What follows is a set of records; repeat them exactly, without the pictures.

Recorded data

= Beginning of Section =

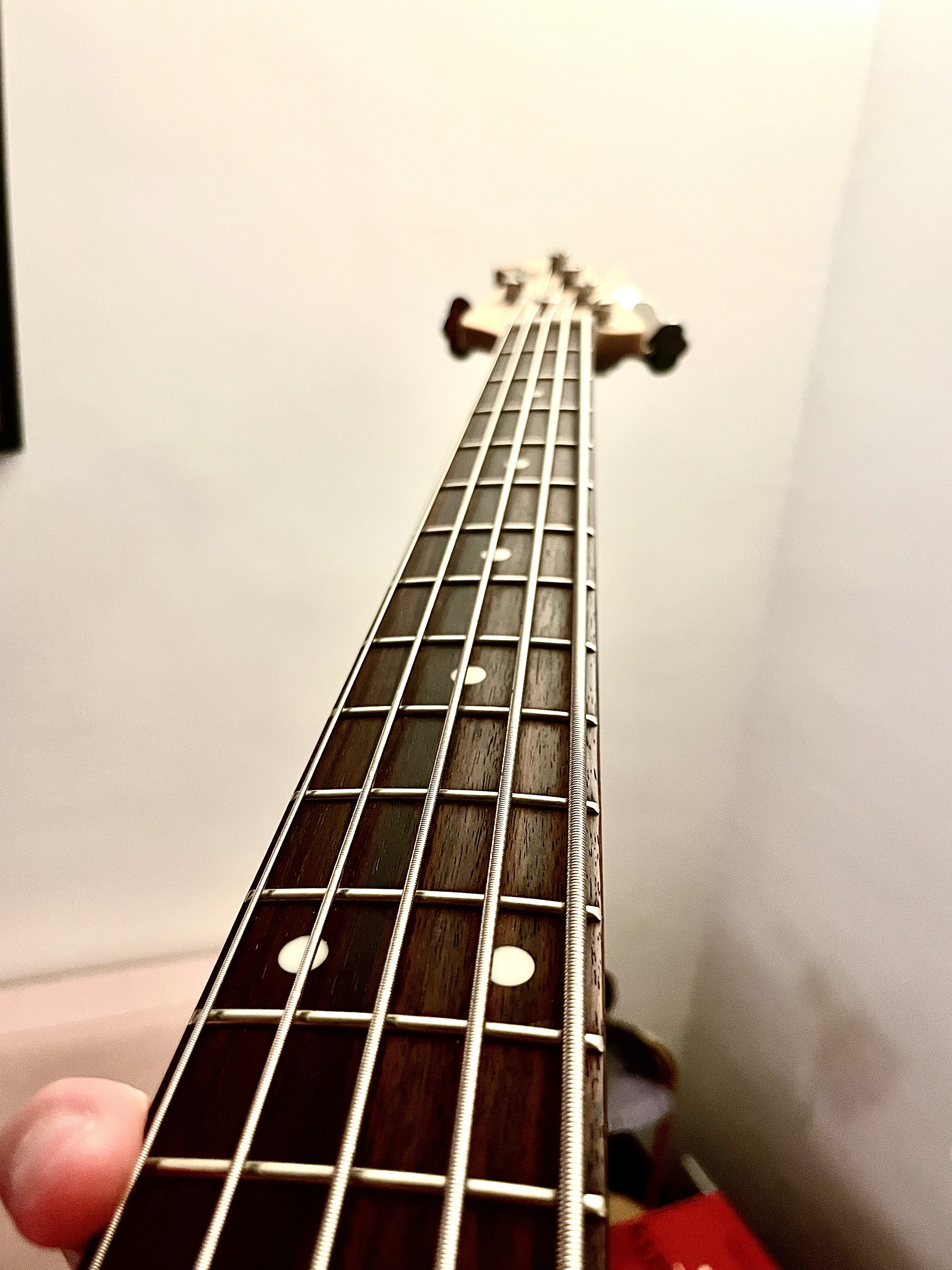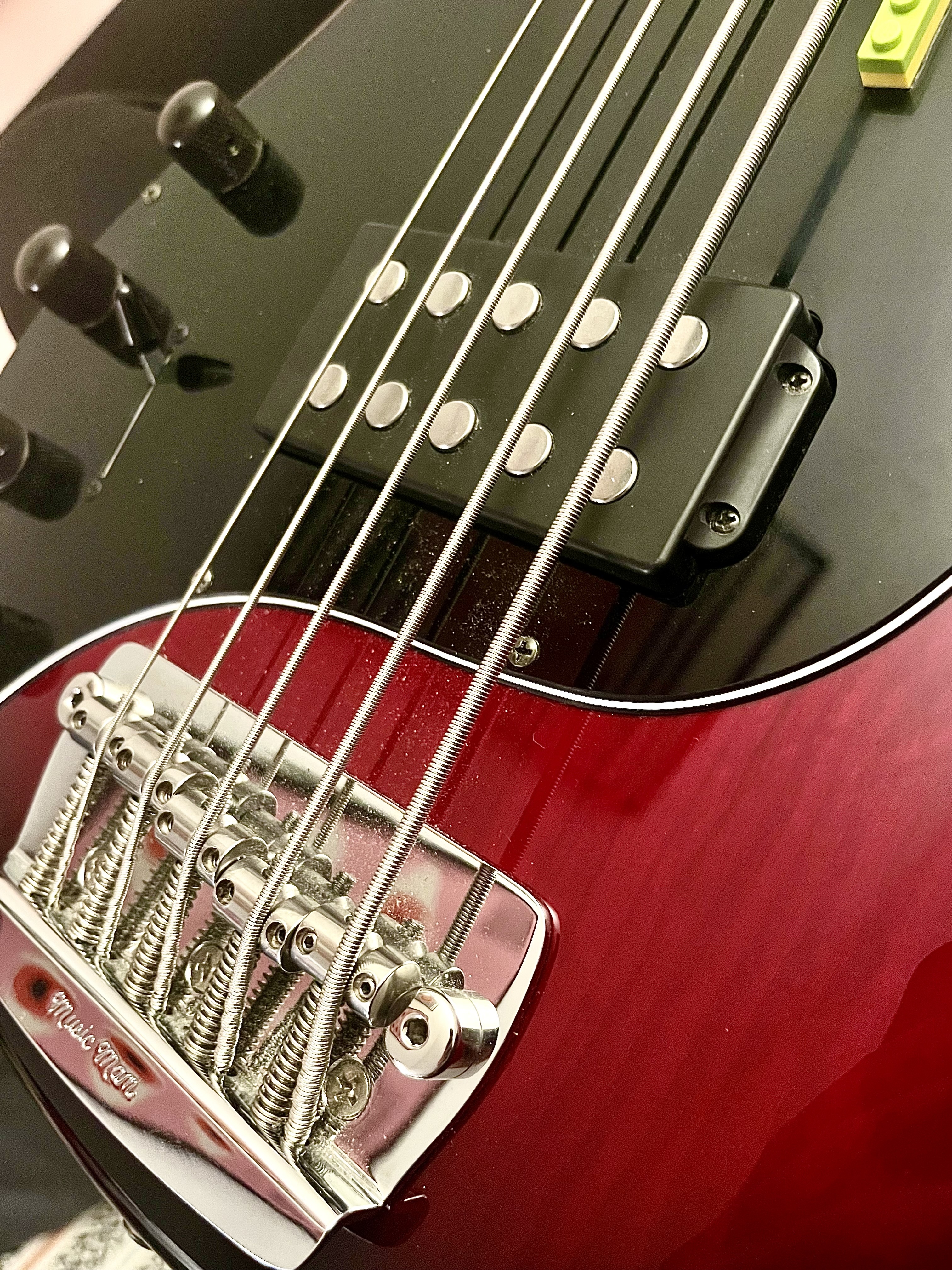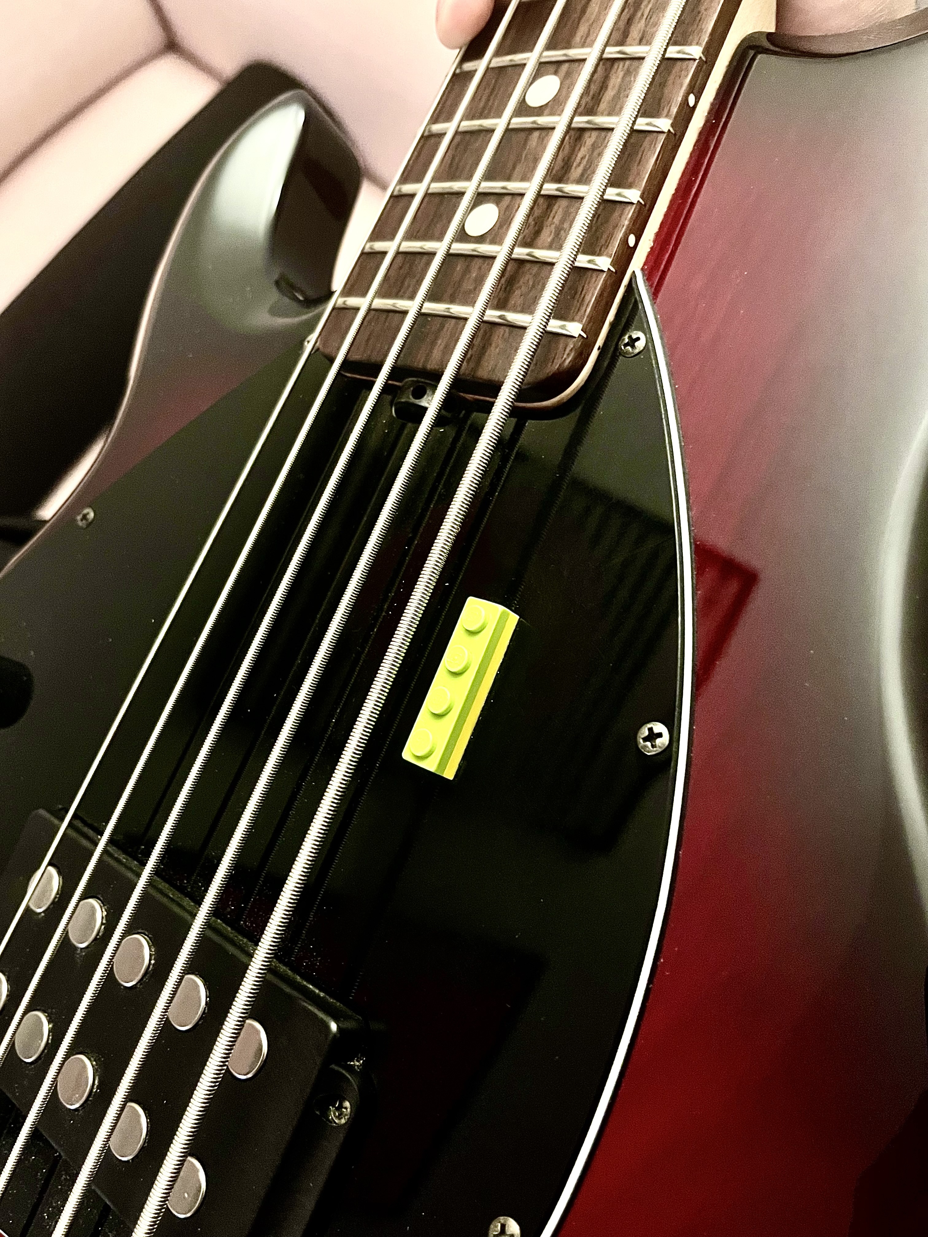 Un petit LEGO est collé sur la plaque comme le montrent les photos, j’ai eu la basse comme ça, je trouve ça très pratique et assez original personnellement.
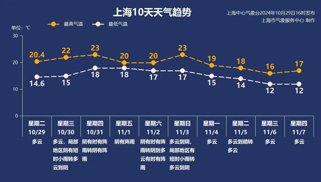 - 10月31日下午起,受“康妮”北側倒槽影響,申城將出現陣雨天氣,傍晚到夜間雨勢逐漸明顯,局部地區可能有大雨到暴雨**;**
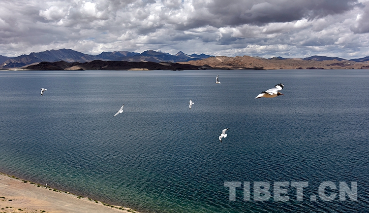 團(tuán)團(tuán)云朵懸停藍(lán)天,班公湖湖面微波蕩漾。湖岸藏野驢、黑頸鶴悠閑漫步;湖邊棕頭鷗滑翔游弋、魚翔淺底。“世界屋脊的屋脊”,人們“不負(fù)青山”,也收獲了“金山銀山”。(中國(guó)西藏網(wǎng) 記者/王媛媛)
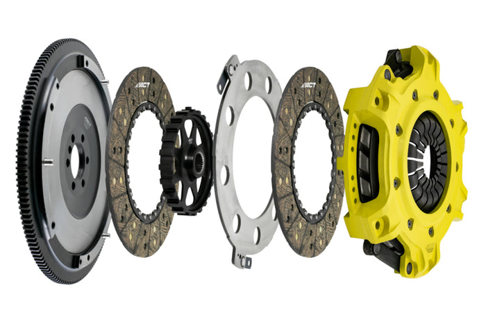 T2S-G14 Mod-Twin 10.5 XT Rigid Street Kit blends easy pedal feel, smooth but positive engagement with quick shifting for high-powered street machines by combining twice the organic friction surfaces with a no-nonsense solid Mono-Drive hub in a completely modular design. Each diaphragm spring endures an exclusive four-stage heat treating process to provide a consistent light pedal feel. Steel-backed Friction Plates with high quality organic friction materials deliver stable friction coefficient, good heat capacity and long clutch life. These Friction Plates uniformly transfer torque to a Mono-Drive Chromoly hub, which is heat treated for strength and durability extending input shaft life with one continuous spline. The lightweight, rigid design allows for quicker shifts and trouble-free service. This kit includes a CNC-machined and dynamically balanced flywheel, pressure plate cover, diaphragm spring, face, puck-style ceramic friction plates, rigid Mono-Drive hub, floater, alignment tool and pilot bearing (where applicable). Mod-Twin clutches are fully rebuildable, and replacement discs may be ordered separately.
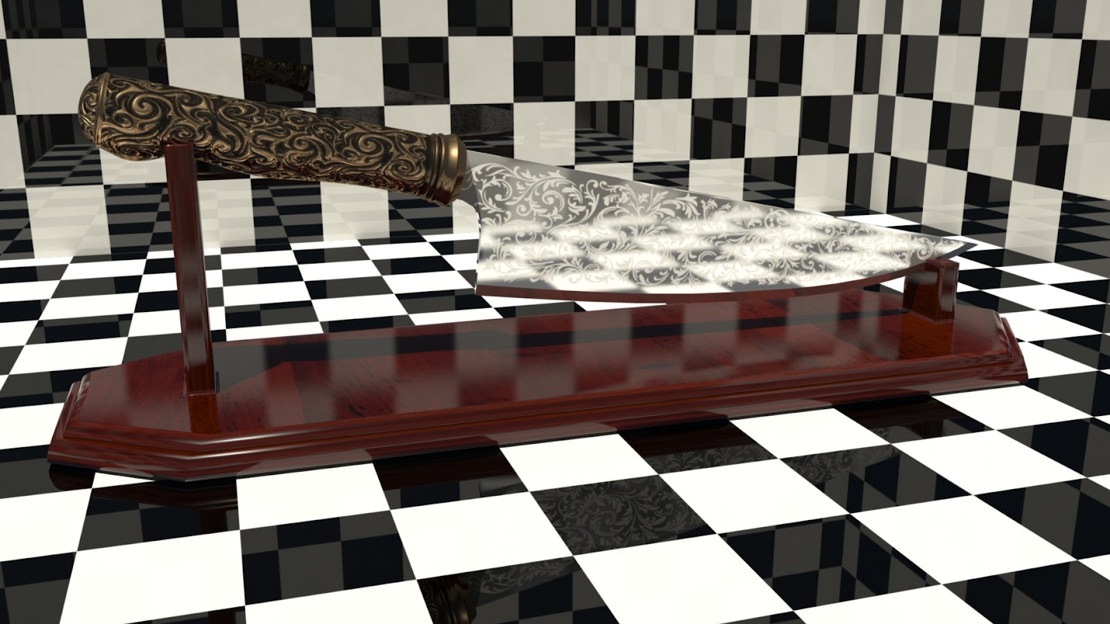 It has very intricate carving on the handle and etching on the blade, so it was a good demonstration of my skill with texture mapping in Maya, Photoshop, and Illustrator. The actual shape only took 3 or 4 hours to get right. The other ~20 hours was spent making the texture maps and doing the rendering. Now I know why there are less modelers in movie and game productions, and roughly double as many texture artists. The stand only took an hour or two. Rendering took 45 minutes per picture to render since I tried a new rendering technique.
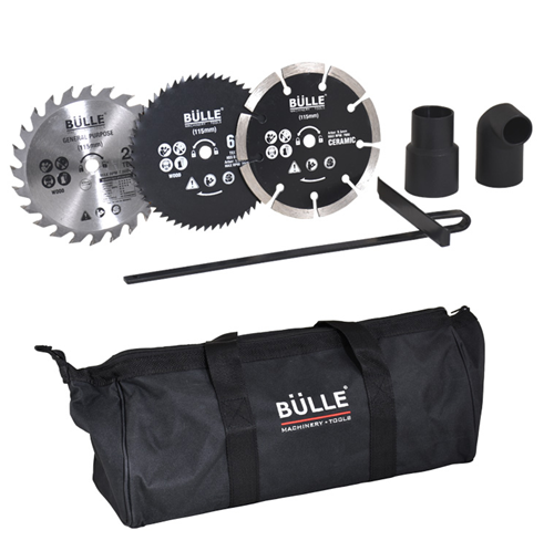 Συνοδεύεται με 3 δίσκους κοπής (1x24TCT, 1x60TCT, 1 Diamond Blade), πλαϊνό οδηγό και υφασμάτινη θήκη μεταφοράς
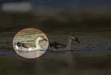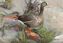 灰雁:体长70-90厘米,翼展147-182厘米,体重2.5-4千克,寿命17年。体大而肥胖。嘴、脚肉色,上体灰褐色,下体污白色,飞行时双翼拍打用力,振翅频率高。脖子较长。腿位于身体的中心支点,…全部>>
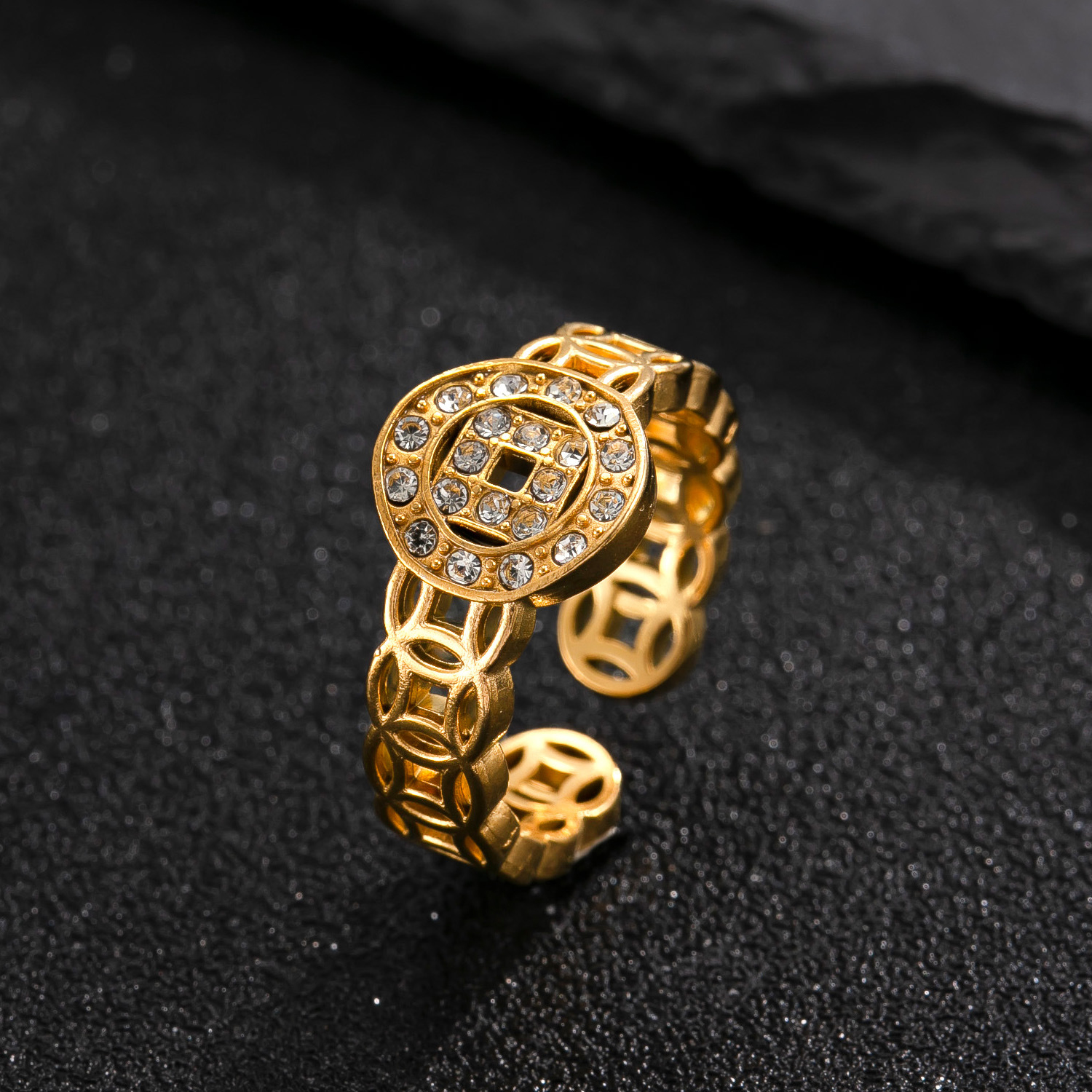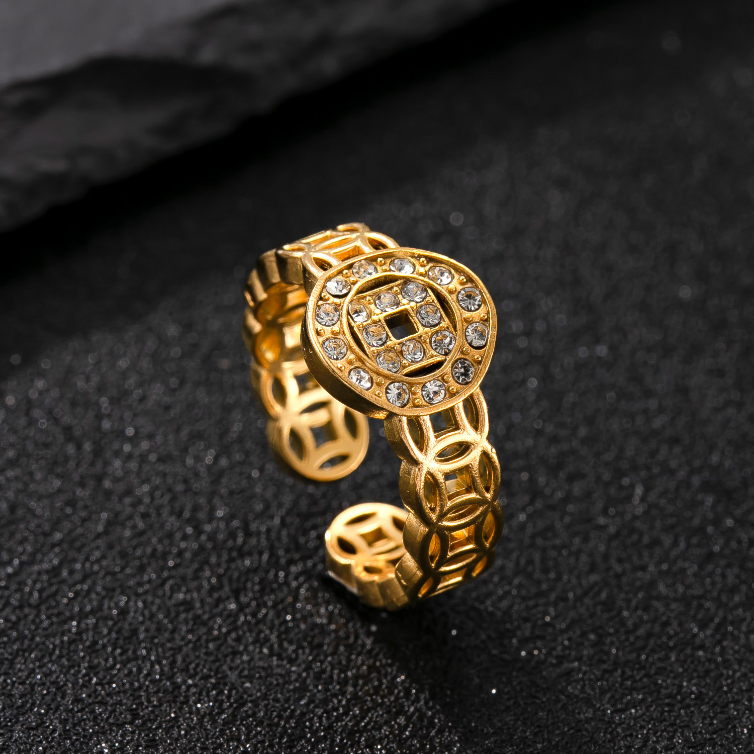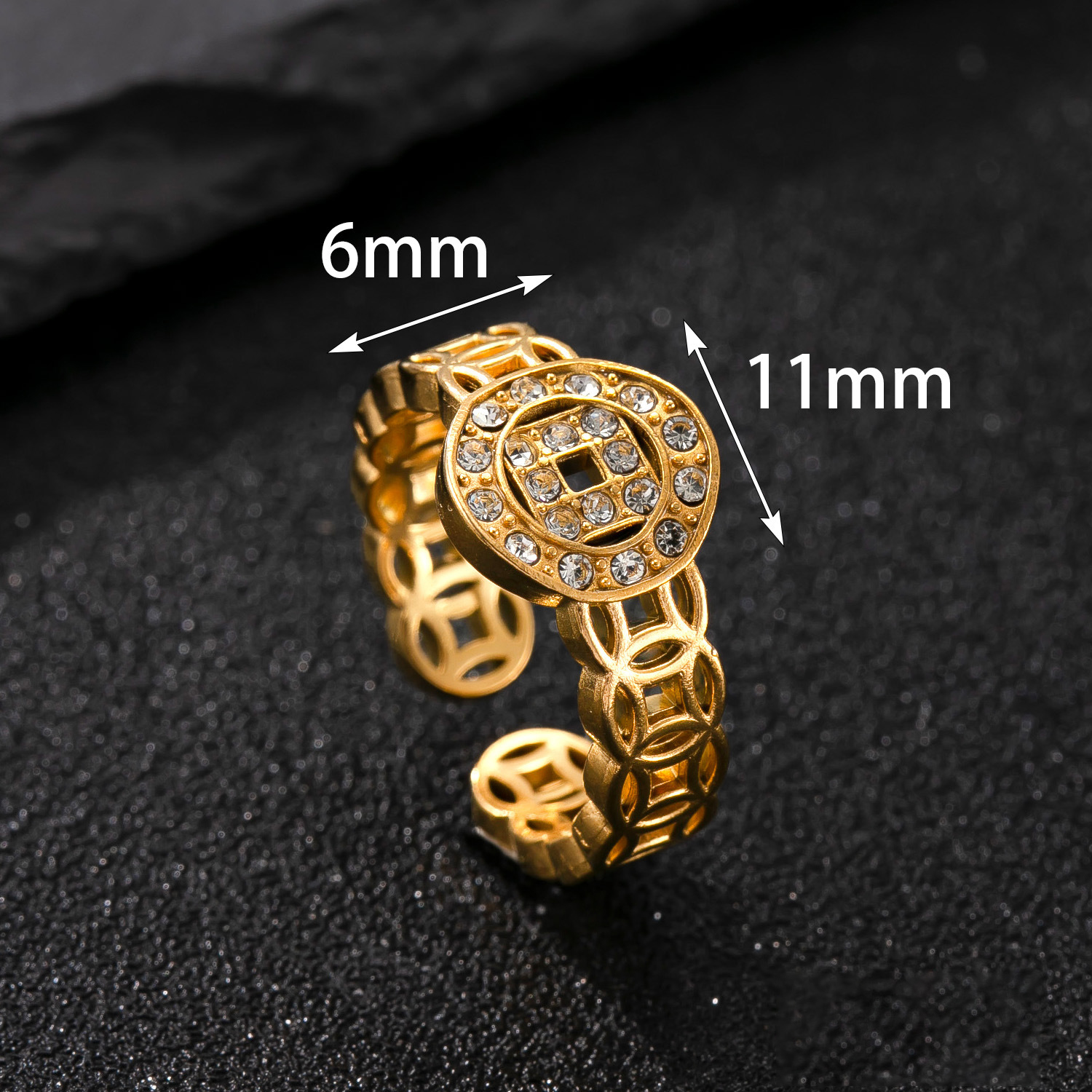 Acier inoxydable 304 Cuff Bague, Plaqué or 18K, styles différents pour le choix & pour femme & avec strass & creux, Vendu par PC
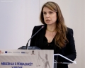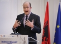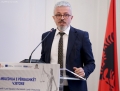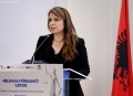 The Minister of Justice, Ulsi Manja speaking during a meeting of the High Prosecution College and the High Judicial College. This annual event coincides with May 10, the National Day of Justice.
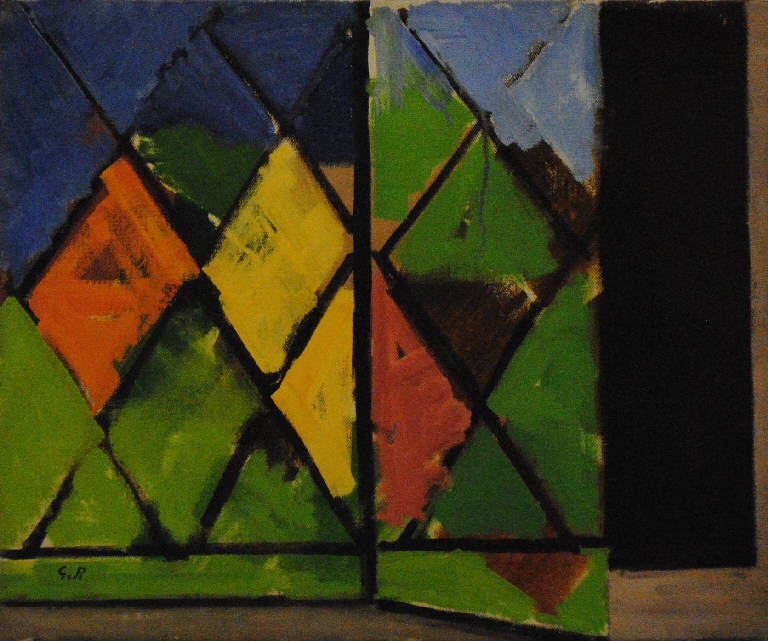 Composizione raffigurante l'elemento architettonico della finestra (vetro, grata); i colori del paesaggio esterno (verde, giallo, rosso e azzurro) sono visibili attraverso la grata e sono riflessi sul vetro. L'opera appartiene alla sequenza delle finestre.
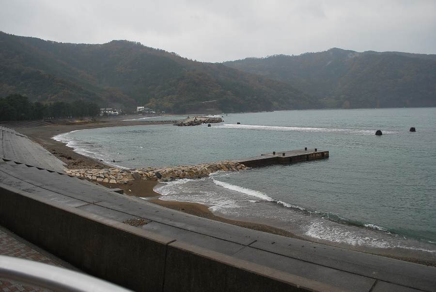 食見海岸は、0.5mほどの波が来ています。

= End of Section =

__Result__:
 Un petit LEGO est collé sur la plaque comme le montrent les photos, j’ai eu la basse comme ça, je trouve ça très pratique et assez original personnellement.
 - 10月31日下午起,受“康妮”北側倒槽影響,申城將出現陣雨天氣,傍晚到夜間雨勢逐漸明顯,局部地區可能有大雨到暴雨**;**
 團(tuán)團(tuán)云朵懸停藍(lán)天,班公湖湖面微波蕩漾。湖岸藏野驢、黑頸鶴悠閑漫步;湖邊棕頭鷗滑翔游弋、魚翔淺底。“世界屋脊的屋脊”,人們“不負(fù)青山”,也收獲了“金山銀山”。(中國(guó)西藏網(wǎng) 記者/王媛媛)
 T2S-G14 Mod-Twin 10.5 XT Rigid Street Kit blends easy pedal feel, smooth but positive engagement with quick shifting for high-powered street machines by combining twice the organic friction surfaces with a no-nonsense solid Mono-Drive hub in a completely modular design. Each diaphragm spring endures an exclusive four-stage heat treating process to provide a consistent light pedal feel. Steel-backed Friction Plates with high quality organic friction materials deliver stable friction coefficient, good heat capacity and long clutch life. These Friction Plates uniformly transfer torque to a Mono-Drive Chromoly hub, which is heat treated for strength and durability extending input shaft life with one continuous spline. The lightweight, rigid design allows for quicker shifts and trouble-free service. This kit includes a CNC-machined and dynamically balanced flywheel, pressure plate cover, diaphragm spring, face, puck-style ceramic friction plates, rigid Mono-Drive hub, floater, alignment tool and pilot bearing (where applicable). Mod-Twin clutches are fully rebuildable, and replacement discs may be ordered separately.
 It has very intricate carving on the handle and etching on the blade, so it was a good demonstration of my skill with texture mapping in Maya, Photoshop, and Illustrator. The actual shape only took 3 or 4 hours to get right. The other ~20 hours was spent making the texture maps and doing the rendering. Now I know why there are less modelers in movie and game productions, and roughly double as many texture artists. The stand only took an hour or two. Rendering took 45 minutes per picture to render since I tried a new rendering technique.
 Συνοδεύεται με 3 δίσκους κοπής (1x24TCT, 1x60TCT, 1 Diamond Blade), πλαϊνό οδηγό και υφασμάτινη θήκη μεταφοράς
 灰雁:体长70-90厘米,翼展147-182厘米,体重2.5-4千克,寿命17年。体大而肥胖。嘴、脚肉色,上体灰褐色,下体污白色,飞行时双翼拍打用力,振翅频率高。脖子较长。腿位于身体的中心支点,…全部>>
 Acier inoxydable 304 Cuff Bague, Plaqué or 18K, styles différents pour le choix & pour femme & avec strass & creux, Vendu par PC
 The Minister of Justice, Ulsi Manja speaking during a meeting of the High Prosecution College and the High Judicial College. This annual event coincides with May 10, the National Day of Justice.
 Composizione raffigurante l'elemento architettonico della finestra (vetro, grata); i colori del paesaggio esterno (verde, giallo, rosso e azzurro) sono visibili attraverso la grata e sono riflessi sul vetro. L'opera appartiene alla sequenza delle finestre.
 食見海岸は、0.5mほどの波が来ています。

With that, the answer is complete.